*** Begin section ***
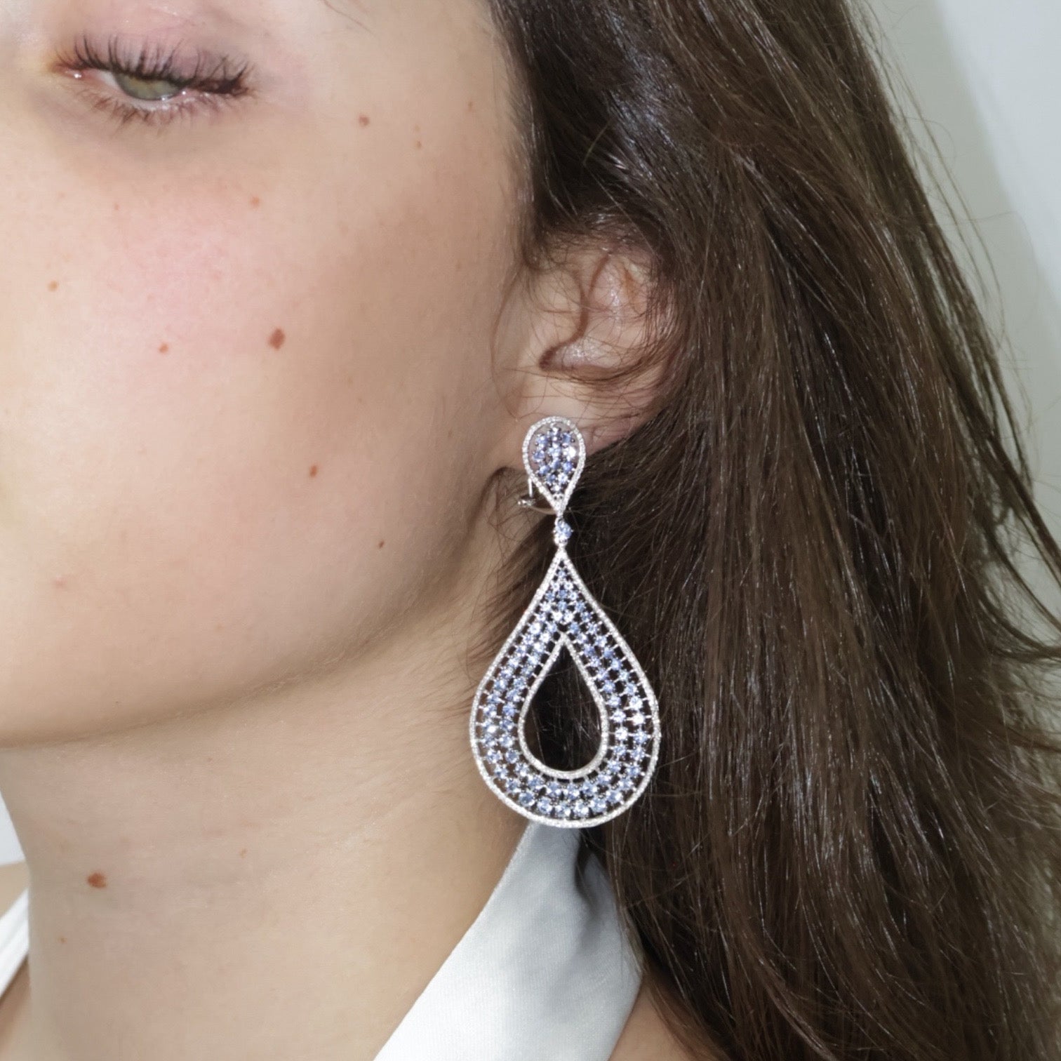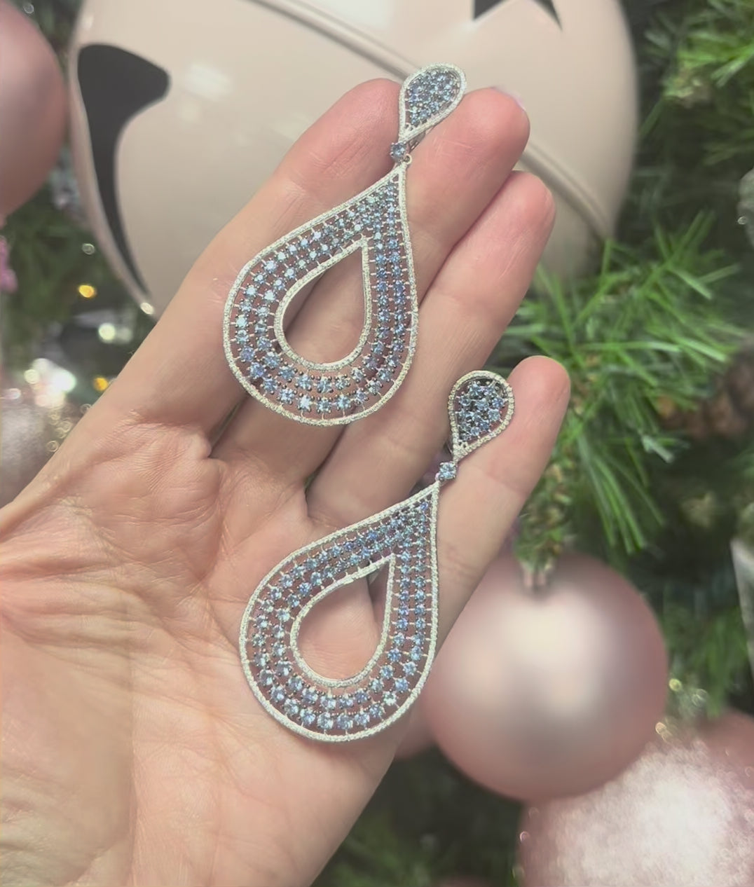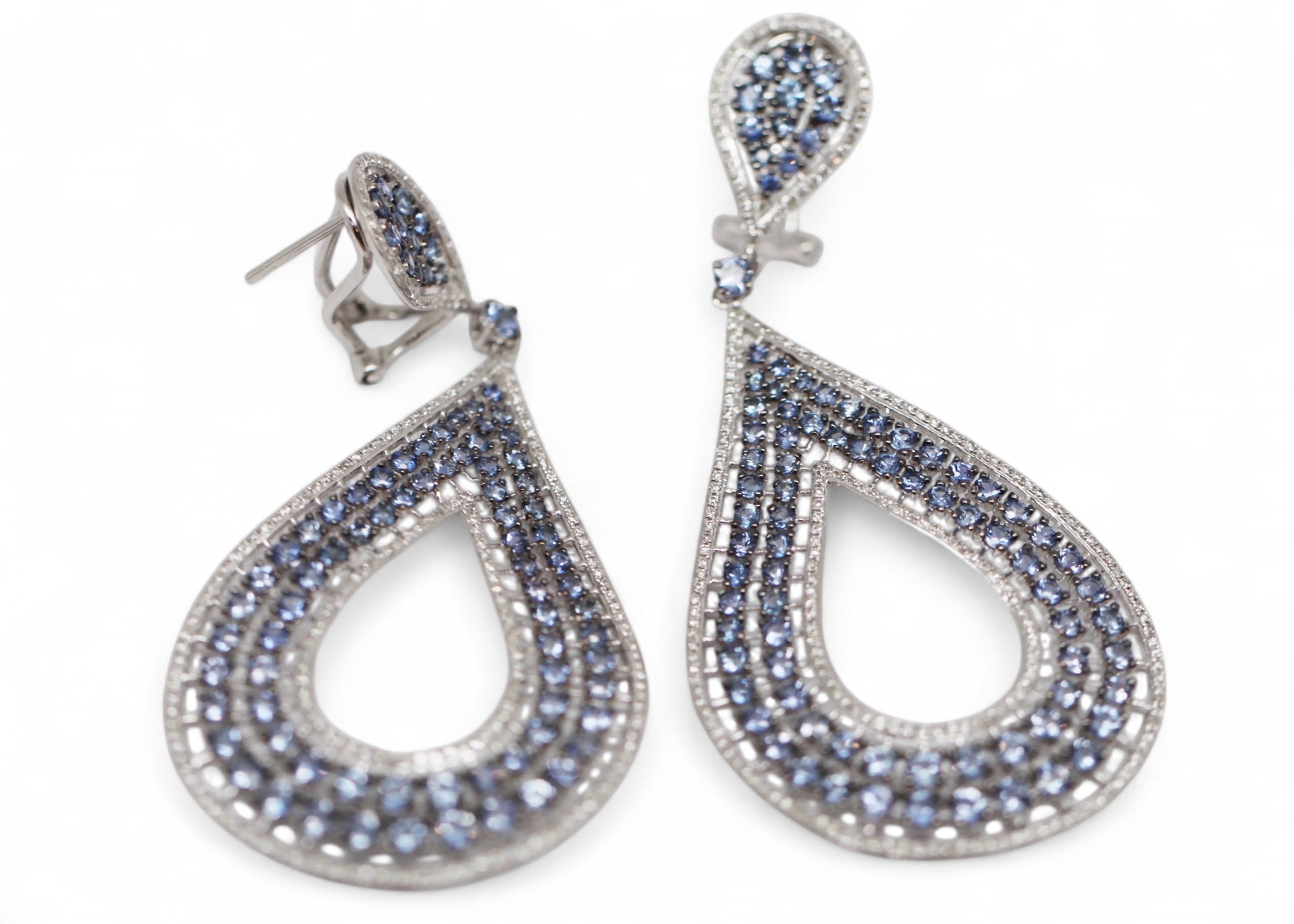 Aretes largos en oro blanco 14K con 7.06QTES de Zafiro y 0.40 QTES diamantes.
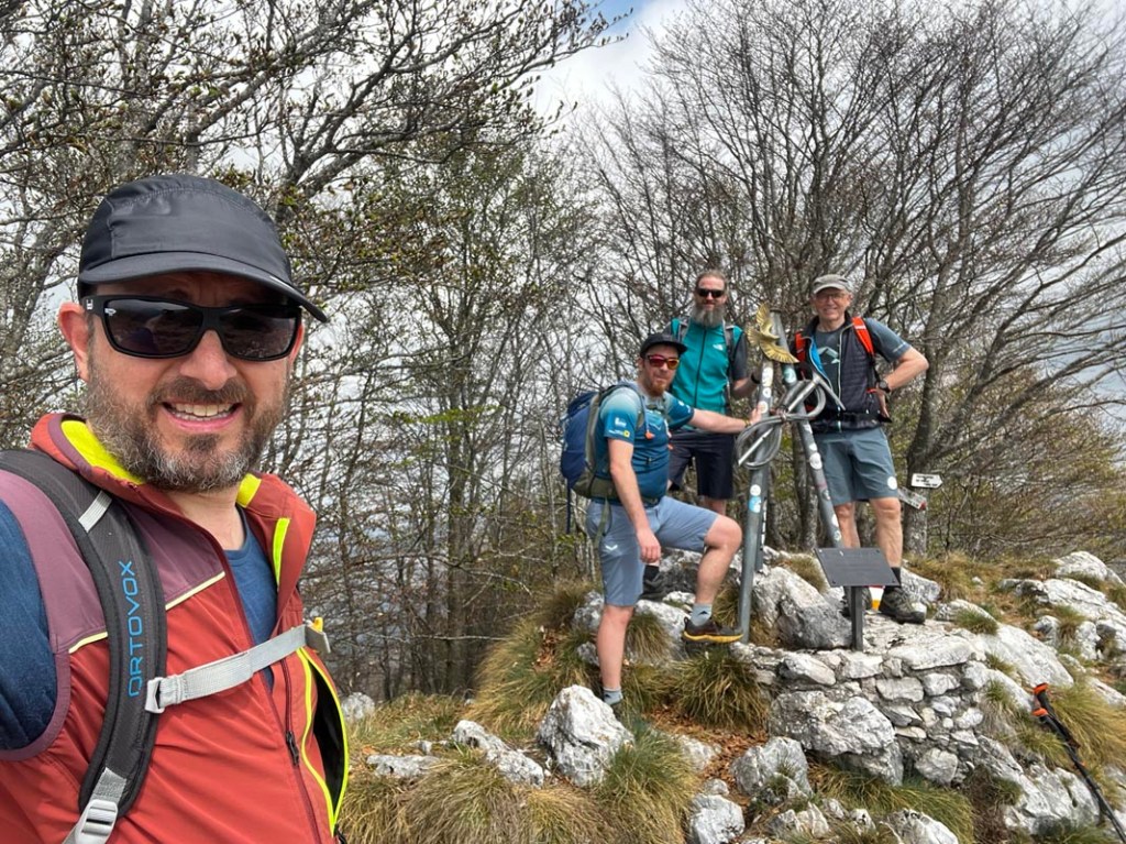 Schließlich erreichen wir den Gipfel des Monte Spino (1.504m). Ein kleines Kreuz markiert die höchste Stelle.
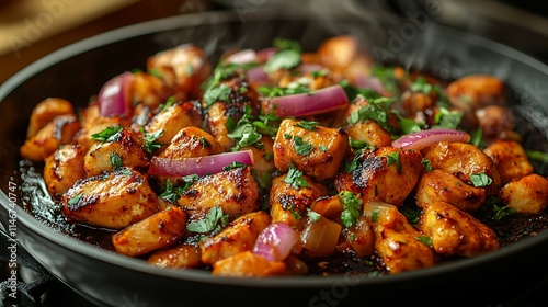 Savory Grilled Chicken Pan Fry with Onions and Herbs
*** End section ***
Reproduce the full material exactly, excluding the pictures.

#### Task answer:
 Aretes largos en oro blanco 14K con 7.06QTES de Zafiro y 0.40 QTES diamantes.
 Schließlich erreichen wir den Gipfel des Monte Spino (1.504m). Ein kleines Kreuz markiert die höchste Stelle.
 Savory Grilled Chicken Pan Fry with Onions and Herbs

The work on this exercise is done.